**What you will do**
The following data has a line with "3. 'ㄹ,ㄴ' 두음법칙 혼합 : ㄹ-->ㄴ-->-->ㅇ" and a line with "Das Poster soll". Write out exactly those lines and all the lines between them.

Start of Material provided

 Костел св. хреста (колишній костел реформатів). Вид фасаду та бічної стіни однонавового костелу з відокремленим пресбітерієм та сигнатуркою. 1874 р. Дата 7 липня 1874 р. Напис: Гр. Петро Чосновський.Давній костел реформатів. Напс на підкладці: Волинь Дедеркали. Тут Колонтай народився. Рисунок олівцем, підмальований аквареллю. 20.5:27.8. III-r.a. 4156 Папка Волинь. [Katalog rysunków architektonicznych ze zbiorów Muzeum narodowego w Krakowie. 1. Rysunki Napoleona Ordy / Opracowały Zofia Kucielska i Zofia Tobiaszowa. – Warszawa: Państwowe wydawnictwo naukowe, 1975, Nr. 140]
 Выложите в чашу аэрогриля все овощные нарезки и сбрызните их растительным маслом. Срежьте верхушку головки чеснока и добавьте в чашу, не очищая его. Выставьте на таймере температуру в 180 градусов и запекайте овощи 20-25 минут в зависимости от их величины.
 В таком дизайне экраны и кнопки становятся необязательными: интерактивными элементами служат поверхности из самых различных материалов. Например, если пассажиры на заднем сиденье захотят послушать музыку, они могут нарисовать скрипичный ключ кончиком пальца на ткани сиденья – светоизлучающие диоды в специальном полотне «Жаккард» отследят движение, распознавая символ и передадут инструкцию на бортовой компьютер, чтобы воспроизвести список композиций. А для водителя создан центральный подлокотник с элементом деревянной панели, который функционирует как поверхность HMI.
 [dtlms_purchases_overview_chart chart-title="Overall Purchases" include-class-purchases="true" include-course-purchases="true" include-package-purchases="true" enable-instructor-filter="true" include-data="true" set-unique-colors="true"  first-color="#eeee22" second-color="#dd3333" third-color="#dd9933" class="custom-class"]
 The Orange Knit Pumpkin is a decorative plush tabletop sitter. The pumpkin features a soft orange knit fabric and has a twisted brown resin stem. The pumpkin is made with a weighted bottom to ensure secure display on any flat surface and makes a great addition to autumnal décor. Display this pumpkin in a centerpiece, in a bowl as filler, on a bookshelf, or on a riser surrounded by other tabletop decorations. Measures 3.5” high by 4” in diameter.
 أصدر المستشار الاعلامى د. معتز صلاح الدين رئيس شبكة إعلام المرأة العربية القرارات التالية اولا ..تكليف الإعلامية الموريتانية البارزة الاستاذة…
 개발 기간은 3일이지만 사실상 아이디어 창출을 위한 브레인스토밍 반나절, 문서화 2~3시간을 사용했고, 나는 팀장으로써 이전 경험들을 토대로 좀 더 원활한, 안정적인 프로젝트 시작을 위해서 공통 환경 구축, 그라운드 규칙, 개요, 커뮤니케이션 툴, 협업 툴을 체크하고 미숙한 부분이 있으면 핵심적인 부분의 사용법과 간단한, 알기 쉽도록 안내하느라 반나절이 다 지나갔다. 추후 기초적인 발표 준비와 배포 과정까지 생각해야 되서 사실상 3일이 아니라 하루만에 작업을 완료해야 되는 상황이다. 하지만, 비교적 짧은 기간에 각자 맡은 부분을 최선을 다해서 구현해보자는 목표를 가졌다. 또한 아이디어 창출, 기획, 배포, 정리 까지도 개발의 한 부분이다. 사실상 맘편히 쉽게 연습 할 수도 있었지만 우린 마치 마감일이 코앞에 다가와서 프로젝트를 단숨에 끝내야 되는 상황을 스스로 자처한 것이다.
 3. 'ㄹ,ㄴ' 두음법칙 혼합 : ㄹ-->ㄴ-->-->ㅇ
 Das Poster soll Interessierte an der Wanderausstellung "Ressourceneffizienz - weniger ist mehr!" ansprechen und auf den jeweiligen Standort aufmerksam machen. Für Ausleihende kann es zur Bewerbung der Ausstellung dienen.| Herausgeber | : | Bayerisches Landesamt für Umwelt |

End of Material provided
Start of Material provided

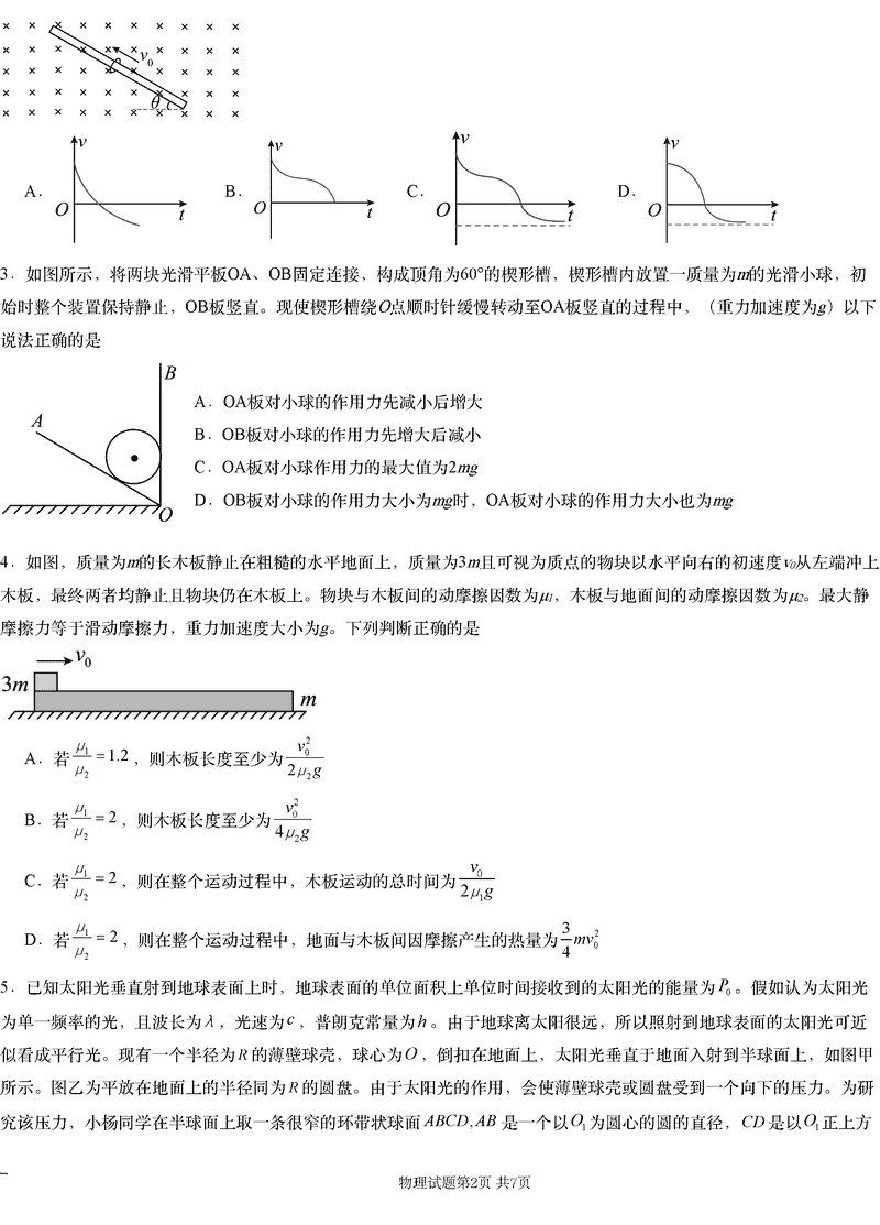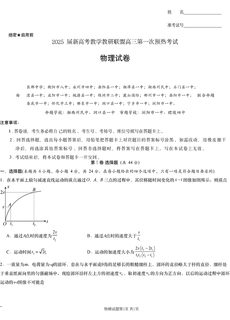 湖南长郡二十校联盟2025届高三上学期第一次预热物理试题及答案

End of Material provided

**Response**
 3. 'ㄹ,ㄴ' 두음법칙 혼합 : ㄹ-->ㄴ-->-->ㅇ
 Das Poster soll Interessierte an der Wanderausstellung "Ressourceneffizienz - weniger ist mehr!" ansprechen und auf den jeweiligen Standort aufmerksam machen. Für Ausleihende kann es zur Bewerbung der Ausstellung dienen.| Herausgeber | : | Bayerisches Landesamt für Umwelt |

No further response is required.